▶ [WORK REQUEST]
Leaving every picture out, please return exactly the lines from the top of the material below through the line with "写真のストロー絵は、なんと9", both included.

▶ [DATA BELOW]

+++++

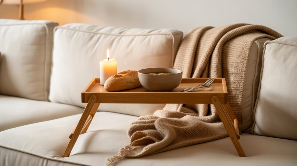 Turn dinner into a cozy moment by serving it on a tray. Add a candle or soft light and a simple drink. This works even if your meal is basic. The tray makes it feel special and intentional, like you’re taking care of yourself.
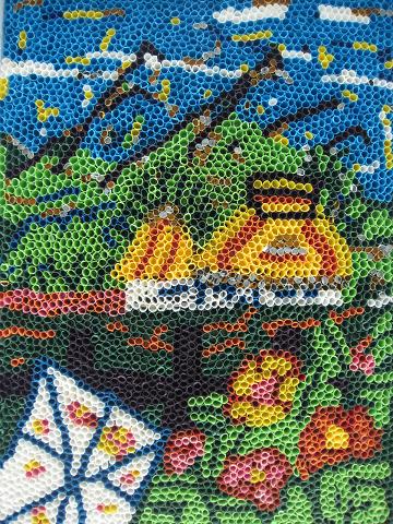 写真のストロー絵は、なんと94歳の女性の作品、ストローを短く切って紙をまいたものを1つ1つのりで貼り付けて、2ヶ月くらいかけて作りました。
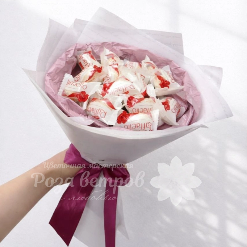 Описание букета Букет, созданный из конфет , станет прекрасным подарком для тех, кто любит сладкие сюрпризы. Нежные белые конфеты, оформленные в элегантную композицию и перевязанные атласной лентой, привнесут в любой праздник нотку изысканности и радости. Этот оригинальный букет порадует и удивит как детей, так и взрослых.
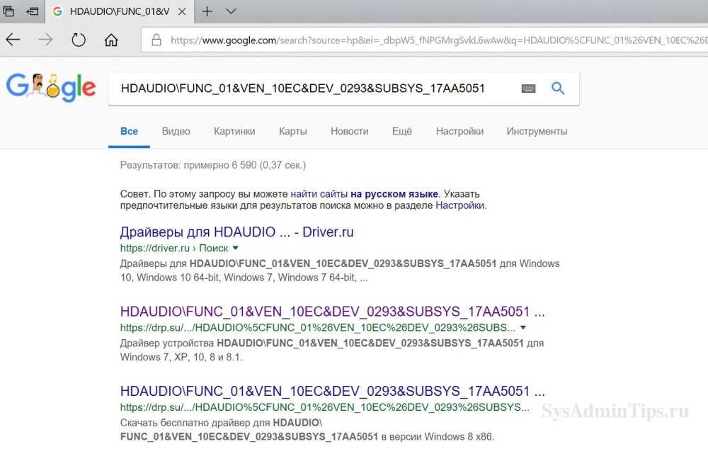 Поиск драйвера звукового устройства по ИД и переустановка

+++++

▶ [YOUR RESPONSE]
 Turn dinner into a cozy moment by serving it on a tray. Add a candle or soft light and a simple drink. This works even if your meal is basic. The tray makes it feel special and intentional, like you’re taking care of yourself.
 写真のストロー絵は、なんと94歳の女性の作品、ストローを短く切って紙をまいたものを1つ1つのりで貼り付けて、2ヶ月くらいかけて作りました。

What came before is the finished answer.